I don’t bury my agenda entirely; it guides the decisions I make, the options I suggest, the places where I spend my time and energy. It is the basis for the consultation I give. It informs how I participate on committees. It guides me in how I think about and experiment with new tools. But I have to put other people’s agendas first if I want to be successful. Because I’m a librarian: I don’t have control over a course, or a program, or a division. I can’t dictate how things are done. Librarians are powerful in that we sit in the middle between staff and faculty, we aren’t beholden to the same things either group is. We have a lot of independence. But along with that comes a gap: we can’t do big things with big agendas without allies.
So librarians want to teach students to be information literate, and we can’t do that on our own.
We can’t impact students without buy-in from faculty. And why is that? It’s because of the student agenda: students have one too. They share the keep it painless agenda that the faculty have, but added to it: get the highest grade I can for the smallest amount of effort I’m willing to expend. No one likes this agenda. People criticize it all the time, but keep in mind: we constructed it. A grade is the only motivation we give them. We want them to be there because they want to learn, but that’s not good enough. Grades are the currency of undergraduate life, and until we reward anything other than grades, that’s the world we’ll live in.
So if we want to impact students, we need to either change the currency system (possible, but difficult), or we have to get into the existing currency stream. In either case, we need to work through faculty to accomplish anything with regards to students. (Or: through certificate programs run by departments. Those are an excellent example of providing an alternate currency for undergraduates, and it works.) Our motherhood statements are wonderful and well-meaning, but we need to make the connection to the individual faculty agenda in order to bring all that good knowledge and skill to the students. All librarians know this, but it’s not enough to just bring our agenda to faculty. We need to work with their agenda first. We need to be indispensable first. As indispensable allies, we have some leverage and influence.
We can’t be the terrible trainer who trained me. We can’t be rigid about what we want everyone to know, regardless of their own goals and circumstances. We can’t rely on charity and goodwill; we need to be indispensable. We need to understand the agendas of our allies, and tailor our services and goals to support them.
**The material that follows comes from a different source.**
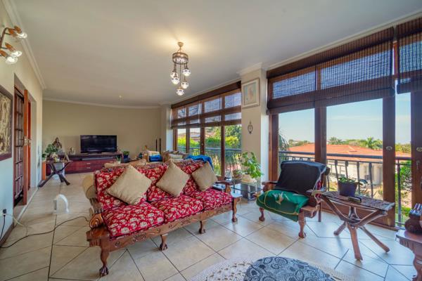The Grand Dame of the Estate . Commanding a prime position within a secure estate in central Ballito, this elegant home is a standout residence offering generous proportions, timeless design, and sweeping views over the estate with glimpses of the distant sea. The spacious living area flows seamlessly into an enclosed patio, creating an all-weather space ideal for entertaining or relaxing while enjoying the views. High ceilings throughout the home enhance the sense of space and allow for natural airflow, maintaining a cool and comfortable environment.

That doesn’t mean information literacy goals can’t shape what we do, but I don’t believe we can lead with them. Information literacy can’t be an addition to an existing curriculum: it needs to be the solution to a clear problem presented by the instructor. It needs to be the solution that leads to painlessness. A painless solution isn’t one you let go.
This is my (perhaps mercenary) perspective. Information literacy is great as an internal mandate, but it’s a tough sell otherwise.
No one wants or needs to contend with another agenda.